The Path to marriage: How assumptions around marriage have changed 

Marriage has always been seen as something important and inevitable- one of the many life goals a person is expected to achieve in life. In recent years, this has been the case less and less as marrying late in life and not marrying at all both become more popular. Photo by Євгенія Височина on Unsplash

Recently, like many reality TV show lovers around the country, I began to dig into the fifth season of “Love Is Blind,” which observes if people can fall in love without having seen each other. The show is entertaining to me as background noise, but while watching it, it struck me how much marriage – specifically the path one takes to reach it — has changed. I was always under the impression that I needed to have everything figured out in my twenties, but seeing so many people find their person in their mid-thirties made me wonder if this was still the case. I found that the road to marriage has changed and no longer looks like a set path.  

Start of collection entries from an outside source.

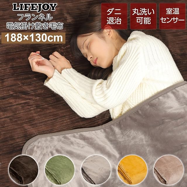 ライフジョイ 電気毛布 掛け 敷き 兼用 188cm×130cm 洗える 両面フランネル 室温センサー付 タイマー機能無 ふわふわ グレー JCBR803H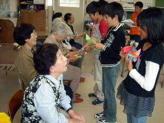 各自が折り紙や絵などのプレゼントを渡した後に別れる際に、「とっても楽しかった」「若返ったようです」などと話され、感涙されておられた方もいらっしゃいました。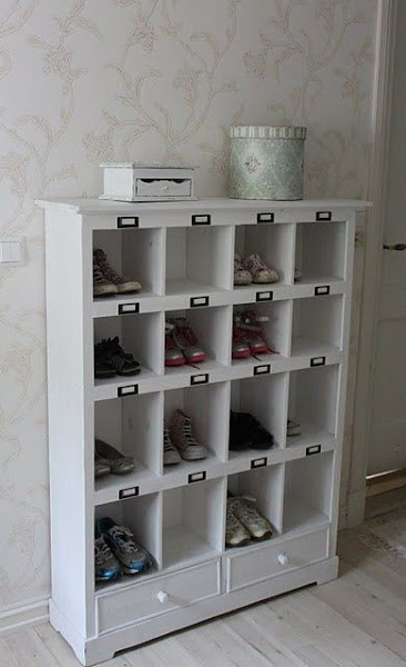 2- Para la gente que le gusta el orden y la limpieza, con una sencilla estantería, y unas cajas del mismo color, creamos unas imágenes del contenido y las etiquetamos en el exterior de la caja. Si, es costoso pero, cuántas veces tenemos que abrir varias cajas hasta dar con el calzado que buscamos.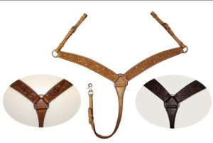 Napierśnik od marki EE TACK to solidna, rymarska propozycja, łącząca funkcjonalność z bardzo eleganckim wykończeniem. Kasztanowy kolor (chestnut) skóry bardzo dobrze komponuje się z popularnymi na rynku siodłami w ciepłych odcieniach brązu. Bogate, tłoczone wzory roślinne (floral) na ramionach napierśnika nadają mu autentycznego, kowbojskiego charakteru. Jest to sprzęt, który posłuży przez lata – skóra, pod warunkiem regularnej pielęgnacji, zachowa swoją elastyczność i świetny wygląd.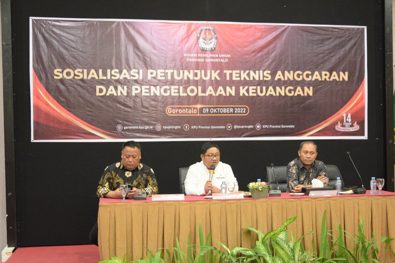 Hal itu diutarakan oleh Ketua KPU Provinsi Gorontalo, Fadliyanto Koem dalam sambutannya sesaat membuka acara Sosialisasi Petunjuk Teknis Anggaran dan Pengelolaan Keuangan yang digelar oleh KPU Provinsi Gorontalo bertempat di Hotel Grand Q Gorontalo, Minggu (9/10/2022).

For a long time, it seemed like marriage was an inevitable step in life — go to school, get a job, get married, have kids and live a long, happy life. At least, that was always the goal. But more and more of one’s standard life path has become increasingly varied. Indeed, marriage rates have fallen drastically in the past couple of years as people get married at a later age. But what’s not as often mentioned is the many ways that marriage and finding a partner has changed. Now, in an increasingly virtual world, finding people in an organic way seems harder; in fact, a study by Stanford University found that nearly 40% of couples met online. In my opinion, this makes organically meeting romantic partners a bit harder.  

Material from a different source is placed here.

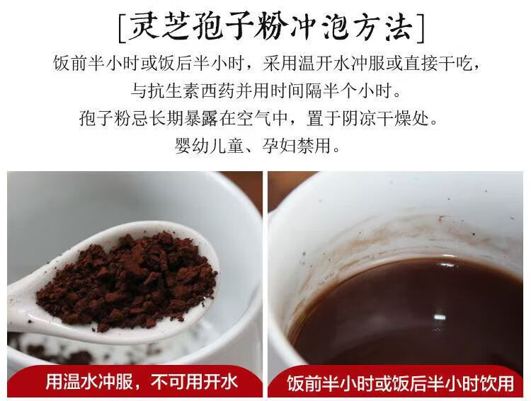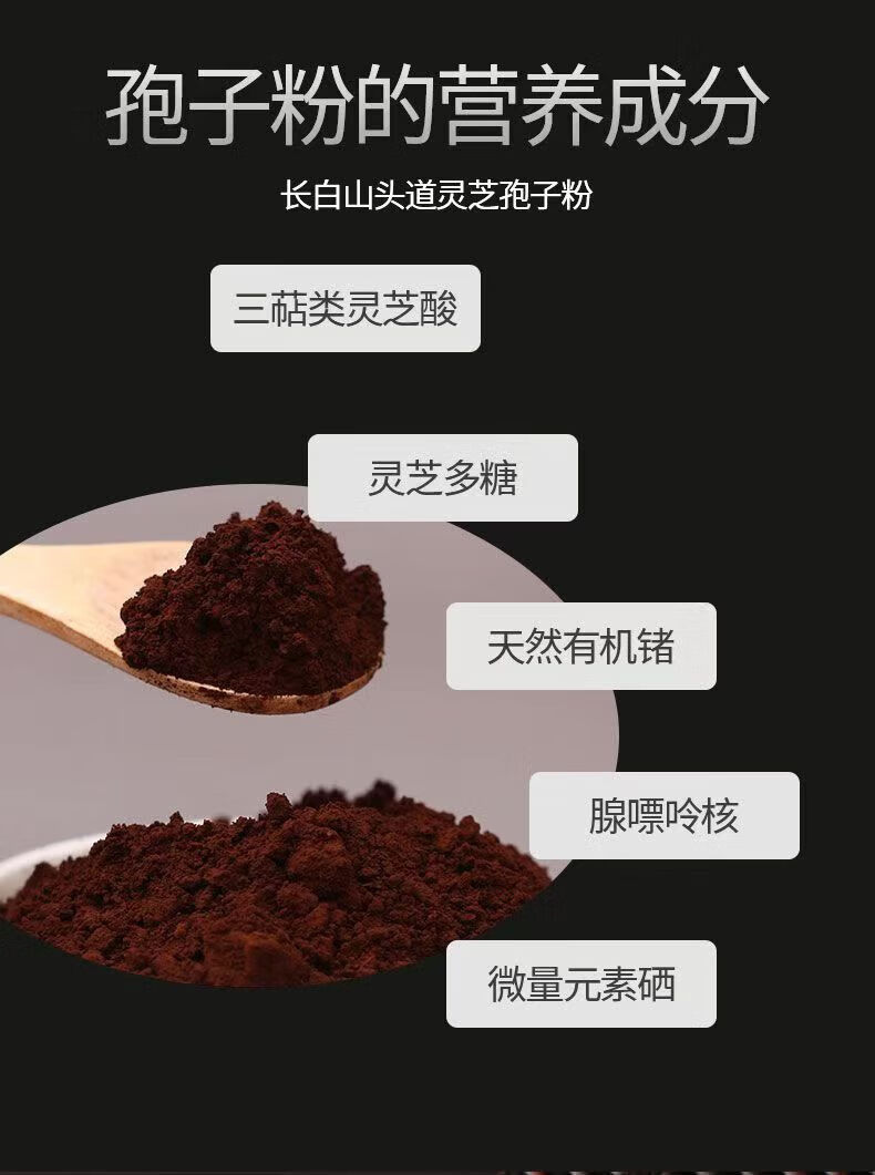Changbai Mountain Ganoderma lucidum Sporenpulver Sporenpulver kann zur Behandlung von körperlicher Schwäche und Appetit nach einer Krankheit eingesetzt werden. Insgesamt 4 Flaschen à 500 g.

Moreover, it appears that not many people are focusing on finding a partner in college nowadays. College now feels like a place where people let loose, make lifelong friends and work towards a future, and less like a crucial setting to find a long-term partner. Additionally, the debt that college graduates face and the recent need for a four year degree to obtain many jobs sidelines marriage as a goal for college students. Since the late 1900s, women especially focus more on their careers. People still meet their future partners at college, without a doubt, but this seems less commonplace than it has in the past. And for some, marriage is not something they even wish to partake in.  

Despite all these changes, I feel that the expectation surrounding when one should find a partner and marry still exists. Society still coaxes people in their 20s to figure out what they want from life while they are still young, whether it be finding a partner or having kids Although dating has changed as the world around us has evolved, we still expect the path to marriage to look like it did decades ago, creating a sense of pressure that surrounds our 20s. But marriage is not the same as it used to be and everyone deserves to take their time as they navigate their romantic lives. We should not be expected — or force ourselves — to have everything figured out so soon.  

To truly understand this, we can look back at the popular sitcom, “Friends.” The show begins with characters in their mid-20s and follows them into their 30s. Within the show, we see it takes time for each character to find their footing within their careers and dating lives. Along the way, we see them embrace friendships, take time and struggle. The show makes it evident that taking time to work out the kinks of life is okay. Marriage has changed, and in many ways it has become a choice rather than a guaranteed milestone. Being mindful of that fact may release some of the pressures that often surrounds dating in college.  


  1. Figuring it all out in your twenties or thirties? I’m in my sixties and don’t have it figured out because, like life, I keep changing. And marriage? It’s the same. When life changes, it changes me – how I think and how I feel – and that changes the marriage. That’s why I only get married for 5 years at a time, after which my spouse and I reevaluate, rethink, and renegotiate. Then we start over with new goals and agreements. We recently married for the 8th time! I love my Five-Year Marriage!